§ **Your instructions**
Pictures stay out of this copy, which runs from the first line of the material through the line containing "ธันวาคม 2568 โดยวิธีเฉพาะเจาะจง".

——

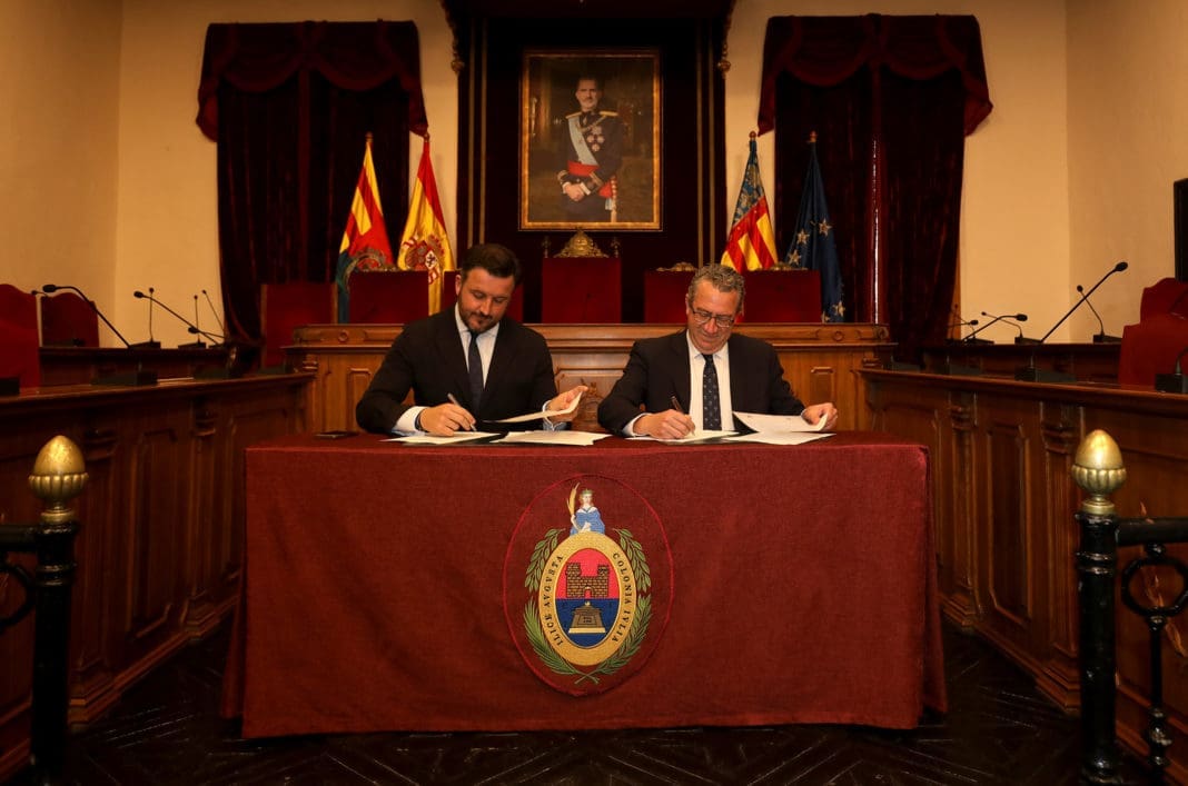 El presidente de la Diputación de Alicante, Toni Pérez, y el alcalde de Elche, Pablo Ruz, han suscrito esta mañana el protocolo general de actuación para la construcción y posterior gestión del Palacio de Congresos de la ciudad, un documento que la institución provincial remitió al consistorio la pasada semana.
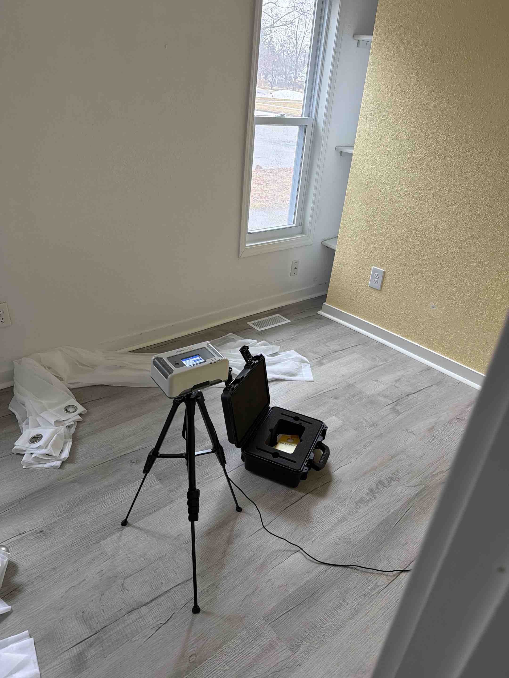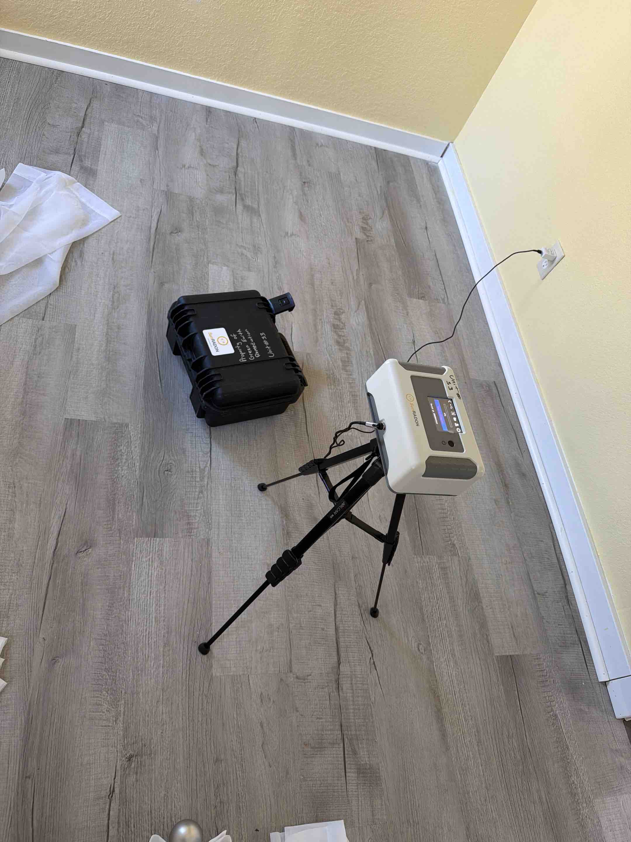A radon test is being performed at this house for the real estate transaction
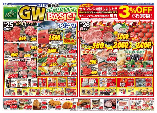 三重県員弁郡東員町六把野新田字嶋畑33-1 BASIC 東員店 GWもやっぱりお安くBASIC!!4月25日(土)~4月28日(火)
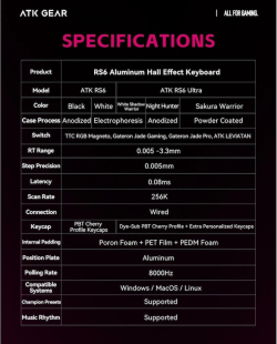 Корпусът с алуминиева основа и PBT капачки Dye-Sub PBT Cherry Profile допринасят за стабилност, комфорт и дълготрайност. ATK професионална геймърска механична клавиатура Professional Gaming Mechanical Keyboard RS6 Ultra - 8K е отличен избор за фенове на механична клавиатура, RGB подсветка и висок клас геймърска клавиатура за eSports.
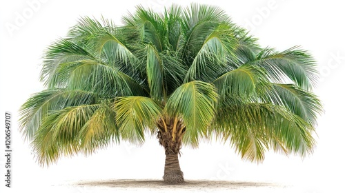Fototapeta premium Vibrant Palm Tree Standing Alone on Sandy Ground Under Clear Sky
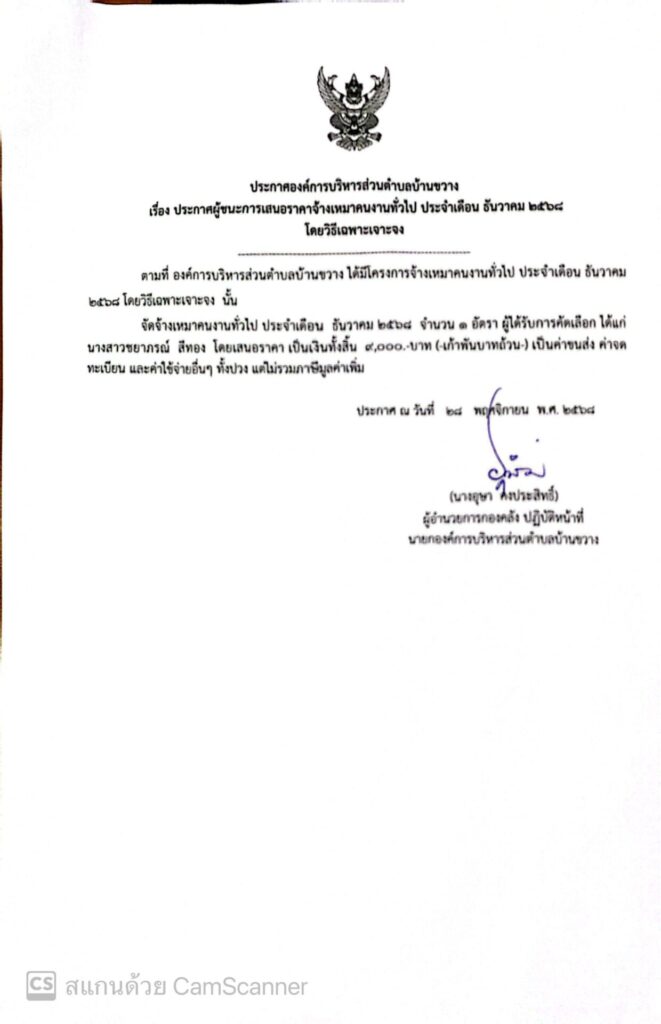 ประกาศองค์การบริหารส่วนตำบลบ้านขวาง เรื่อง ประกาศผู้ชนะการเสนอราคาจ้างเหมาคนงานทั่วไป ประจำเดือน ธันวาคม 2568 โดยวิธีเฉพาะเจาะจง
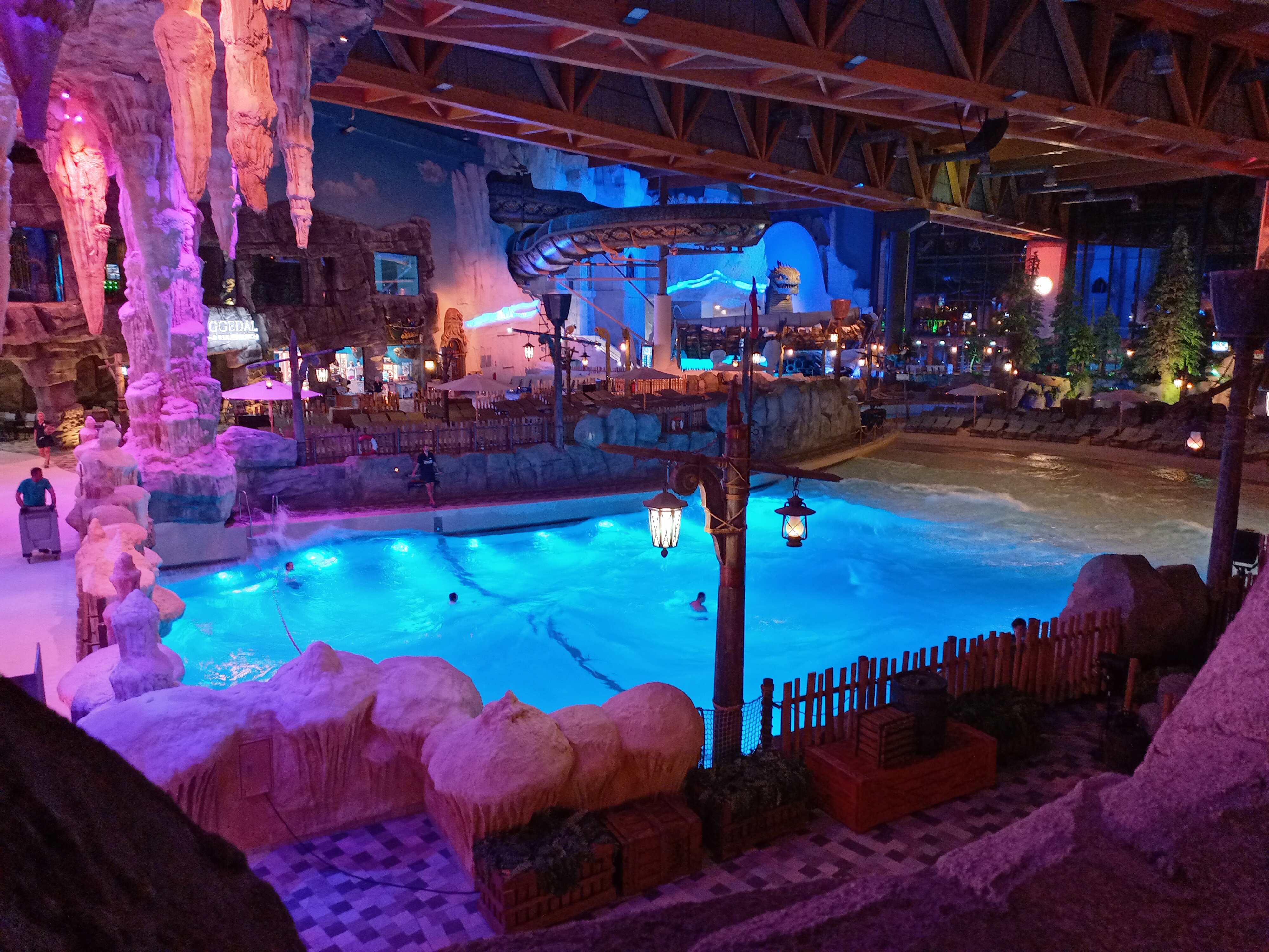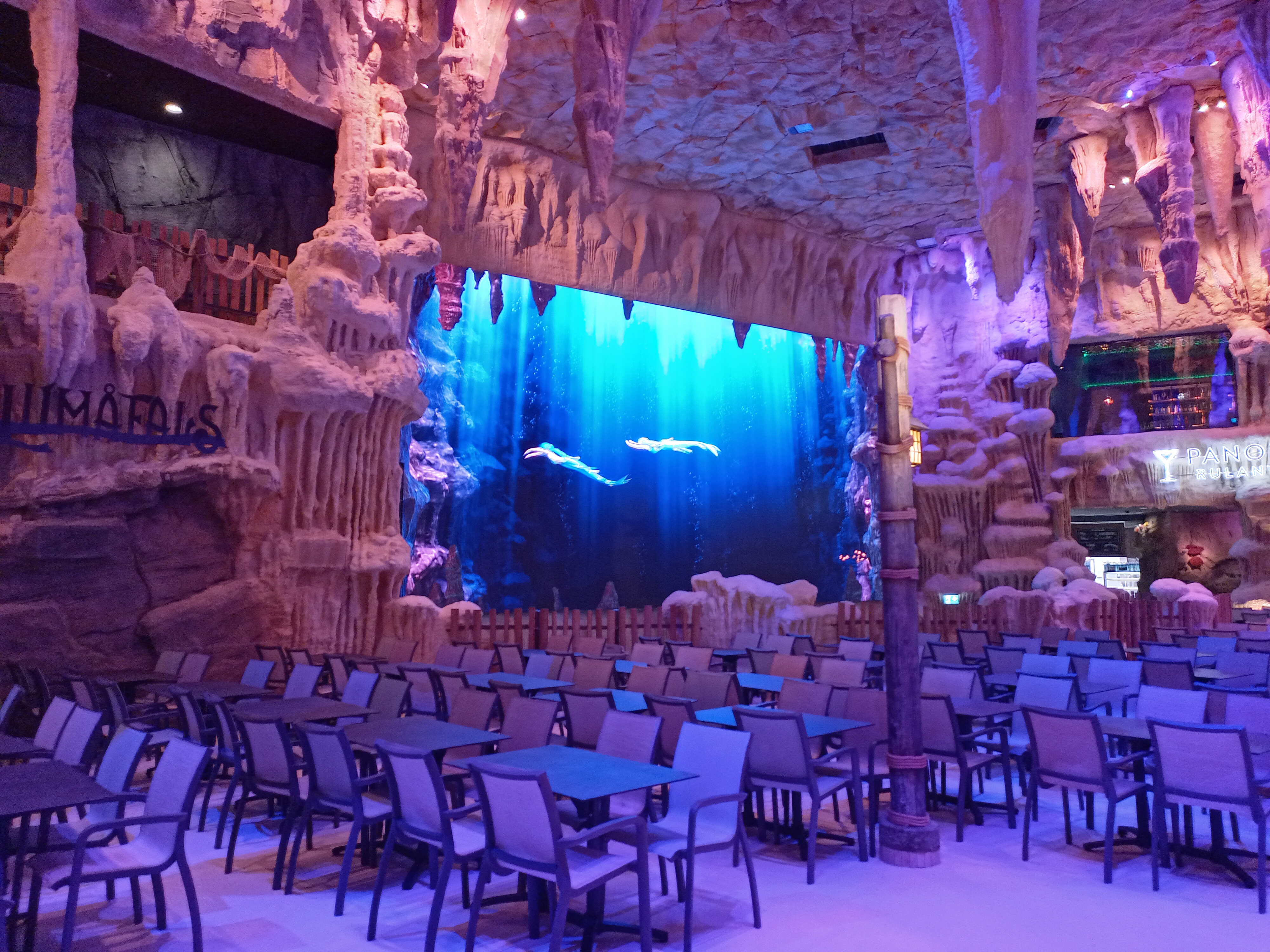 Es hat sich jedenfalls als goldrichtig erwiesen, unser Wasserpark-Abenteuer hiermit zu beginnen. Die gut 250 Meter lange und etwa zehnminütige friedliche Treibfahrt gewährt einen wunderbaren ersten Blick auf das Bad, sein Layout und alle Attraktionen, ausserdem lässt sich natürlich gerade hier in den mehreren Höhlen, Terrassen- und Brückenunterfahrten das sich eigentlich durch den ganzen Park ziehende Top-Level an nordischer Thematisierung erstmals so richtig bestaunen und geniessen. Verschiedenfarbige Lichtinstallationen lassen das Wasser und die detailreich ausgearbeiteten Felsverkleidungen der Höhlen erleuchten, epische Fantasymusik erklingt, stellenweise kribbeln Blubberdüsen am Bassingrund den Podex und Beamerprojektionen an den detailreich geformten Felswänden geben den Anschein, dass die Bläschen in der Grotte dann noch weiter aufsteigen... Und überall huschen Snorri und diverse andere Meeresbewohner auf verschiedenen Screens durch. Auf dem Video noch nicht zu sehen (weil glaube ich an einem Preview-Event aufgenommen) sind zwei zwischenzeitlich wohl ergänzte Stellen, an denen es ähnlich wie im Cross Country Creek in Blizzard Beach aus Kippkübeln auf die Besucher runterregnet, das zweite Mal von einem Snorri-Animatronic als eine Art Trommelspiel dargestellt.
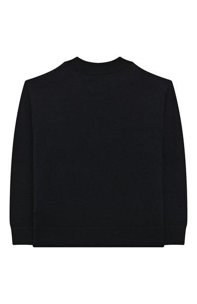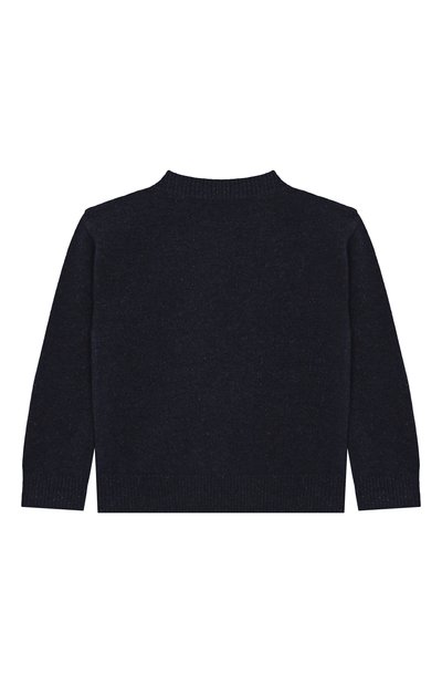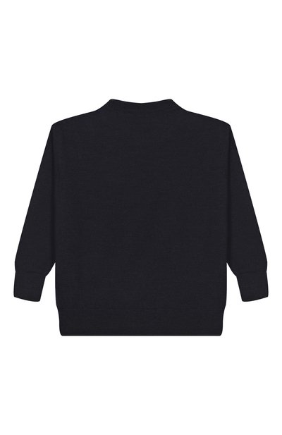 Пуловер выполнили чулочной вязкой из шерсти первого пострига. Спереди модель из коллекции Holiday декорировали геральдической нашивкой.

——

§ **Exercise response**
 El presidente de la Diputación de Alicante, Toni Pérez, y el alcalde de Elche, Pablo Ruz, han suscrito esta mañana el protocolo general de actuación para la construcción y posterior gestión del Palacio de Congresos de la ciudad, un documento que la institución provincial remitió al consistorio la pasada semana.
A radon test is being performed at this house for the real estate transaction
 三重県員弁郡東員町六把野新田字嶋畑33-1 BASIC 東員店 GWもやっぱりお安くBASIC!!4月25日(土)~4月28日(火)
 Корпусът с алуминиева основа и PBT капачки Dye-Sub PBT Cherry Profile допринасят за стабилност, комфорт и дълготрайност. ATK професионална геймърска механична клавиатура Professional Gaming Mechanical Keyboard RS6 Ultra - 8K е отличен избор за фенове на механична клавиатура, RGB подсветка и висок клас геймърска клавиатура за eSports.
Fototapeta premium Vibrant Palm Tree Standing Alone on Sandy Ground Under Clear Sky
 ประกาศองค์การบริหารส่วนตำบลบ้านขวาง เรื่อง ประกาศผู้ชนะการเสนอราคาจ้างเหมาคนงานทั่วไป ประจำเดือน ธันวาคม 2568 โดยวิธีเฉพาะเจาะจง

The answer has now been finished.